Circadian proteome changes in photoreceptor outer segments

The goal of this study was to better understand the molecular mechanisms of light-induced photoreceptor cell death. Apoptotic photoreceptor cell death is the cause of several common retinal diseases (e.g. age related macular degeneration, retinitis pigmentosa). Light-induced photoreceptor cell degeneration in laboratory animals is one of the experimental models for studying such human retinal diseases. It begins with the absorption of light by rhodopsin in the photoreceptor outer segments (OS) which eventually leads to apoptotic photoreceptor cell death but the exact molecular mechanisms are yet to be elucidated. To gain insight into these mechanisms we investigated the light-induced and circadian changes in the OS proteome using a quantitative proteomic method called proteolytic 18O labeling. The first study investigated the changes of OS proteome upon intense light exposure. Rapigest, acid cleavable detergent, was used to solubilize OS proteins for tryptic digestion and 18O labeling. The quantities of 11 proteins were found to differ by more than 2-fold upon light exposure. Eight proteins were phototransduction proteins and seven of these were altered to reduce efficiency or quench phototransduction during light exposure.
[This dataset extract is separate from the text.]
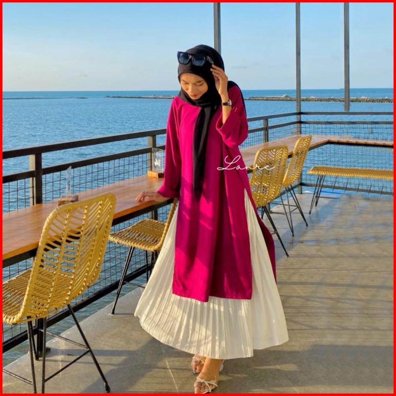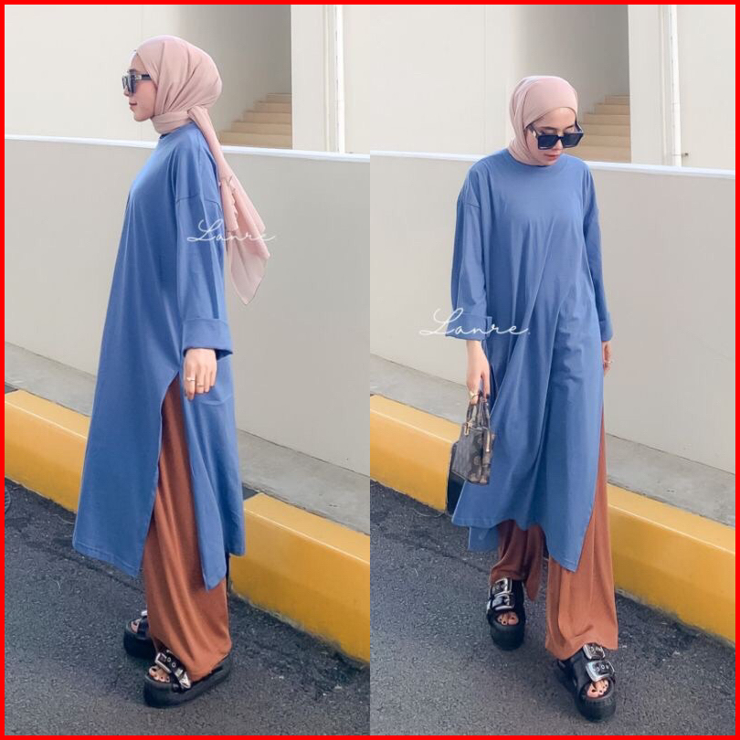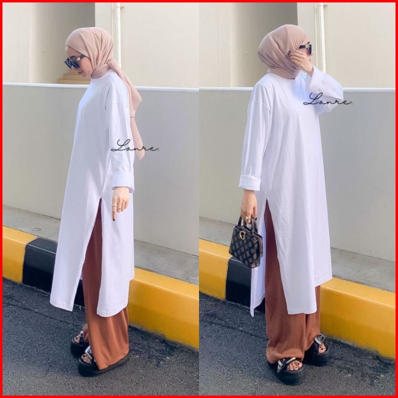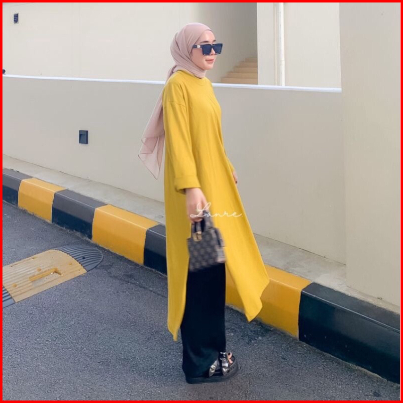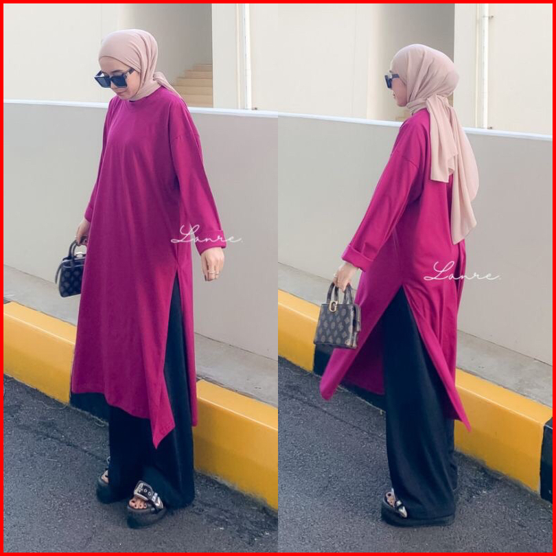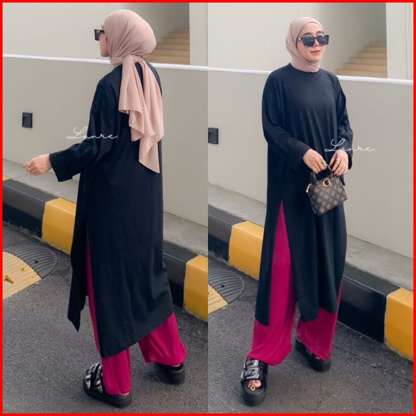 Nuna Tunik High Slit Untuk Busui Dan Nonbusui Midi Dress Jumbo Bahan Kaos Atasan Warna Hitam

In contrast, the amount of rhodopsin kinase was reduced by 2-fold after light exposure, suggesting attenuation in the mechanism of quenching phototransduction. Our findings suggest that this reduction may be a contributing factor to light-induced photoreceptor cell death. The second study investigated OS proteome differences between midnight and noon. This study was designed to elucidate the mechanisms of circadian dependent susceptibility to light induced damage, since the susceptibility is greater at night than daytime. OS proteins were fractionated by 1D-SDS-PAGE prior to 18O labeling. Most OS protein amounts remained unchanged at night versus daytime. The most notable difference was the lower amount of anti-stress proteins (crystallin aB, and peroxiredoxin 1) at midnight, suggesting the link with the greater nighttime OS susceptibility to light. Our studies create a foundation for understanding the mechanisms of light-induced photoreceptor cell death.